Расправив зонтик над головой, она машет мне рукой. Я смотрю на нее во все глаза и не могу насмотреться. Мелкий дождик еще более красит ее. Ее голубые глаза в наступающих сумерках наполняются таинственностью. И если бы не вызовы, я пошагал бы вслед за ней. Она уходит не оборачиваясь, словно меня уже и нет на земле. И я, находясь в прошедшем времени, в каком-то смущении топчусь на одном месте. На сердце больно. Мне кажется, она ничего не поняла. В эти минуты так хочется, чтобы она сбилась с дороги в предосеннем тумане и вернулась обратно, особенная, нежная и немножко стеснительная.

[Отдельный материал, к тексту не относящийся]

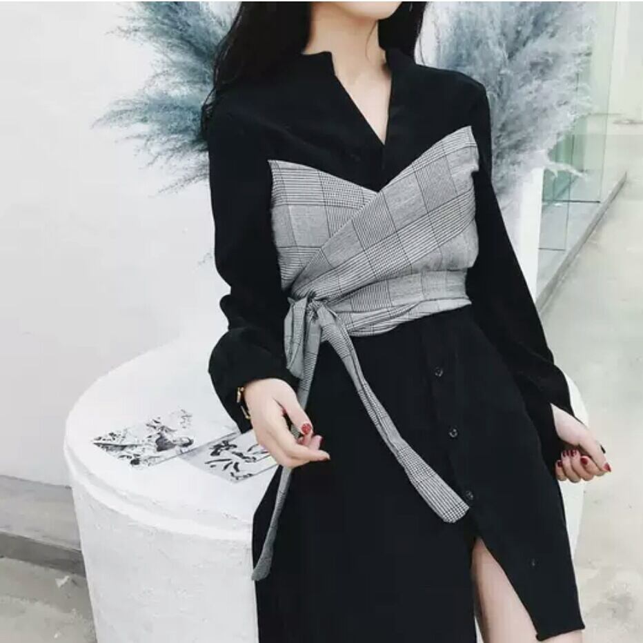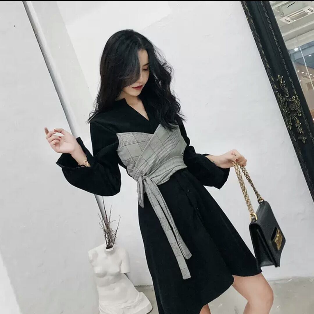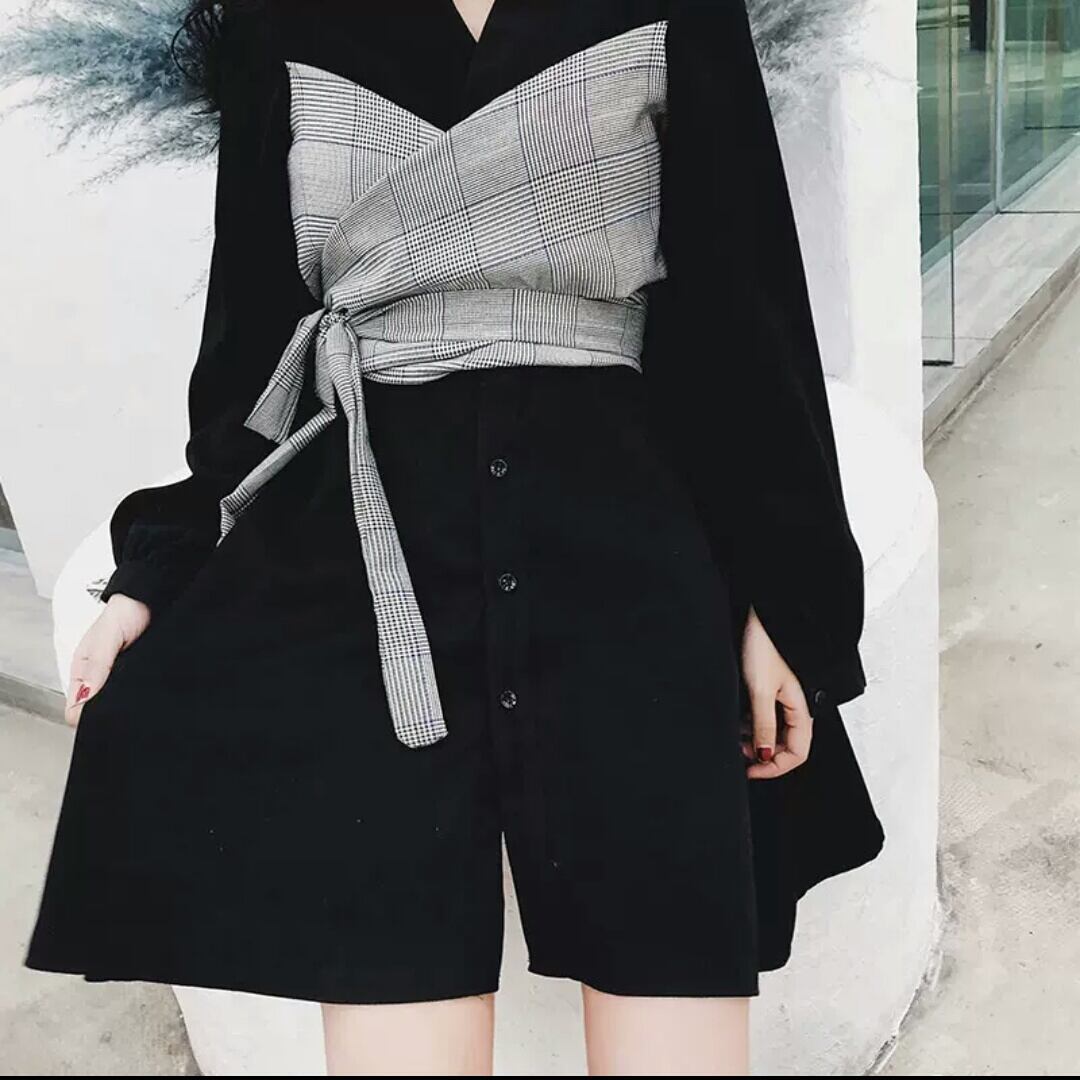 ショート丈 チェック柄 ウエストマーク シフォン ワンピース 大人 シック 可愛い キレイめ カジュアル お出かけ お買い物 デート 女子会 秋冬 春 通学 学生 通勤 韓国ファッション

Мне жаль себя. Мне жаль ее. Но в умилении жалостью нет прелести. И чтобы отвлечь себя от дум, я приоткрываю форточку в машине и, подставив лицо ветерку, пристуживаю свою разгоряченность.
Туман не проходит. Не проходит и мелкий дождик. Холодный ветерок скачет впереди «Жигулей». И в погоне за ним приятно урчит мотор, и колеса свистят, разбрызгивая воду из луж далеко по сторонам.
«Я все равно назначу ей свидание…» — думаю я и на повороте сбавляю скорость. И тут вдруг старуха, выбежав на дорогу, начинает торопливо махать мне рукой.
— Опять что-нибудь случилось… — вздыхаю я и, выругавшись на осень за ее болезненную погоду, торможу так резко, что меня заносит вначале вправо, потом влево.
Старушка Поля, вечно беспокойная и непоседливая, подбежала к моему капоту, затем, поскользнувшись и на ходу отмахиваясь от дождика, стала напротив дверцы. Я, выйдя из машины, поддержал ее. На ней были длинные ботики. Измятый плащ висел на ее плечах, ветер хлестал его, приподнимал. И тогда худенькая старушка казалась игрушечной, дунь на нее — и она улетит. И если силы в ее фигуре не чувствовалось, то лицо и особенно глаза были полны ею. Взгляд умен, сосредоточен, решителен. Однако никогда я не видел ее такой возбужденной. Глотнув воздуху и опершись на мою руку, она пролепетала:
— У Ивана инфаркт… Доктор, дорогой, миленький, помоги.
— Откудова вы это взяли? — с удивлением спросил я. Иван — ее единственный сын. Работает электриком в Мосэнерго. Ему нет еще и сорока, на вид всегда спокоен, и поэтому я относил его к разряду здоровых людей.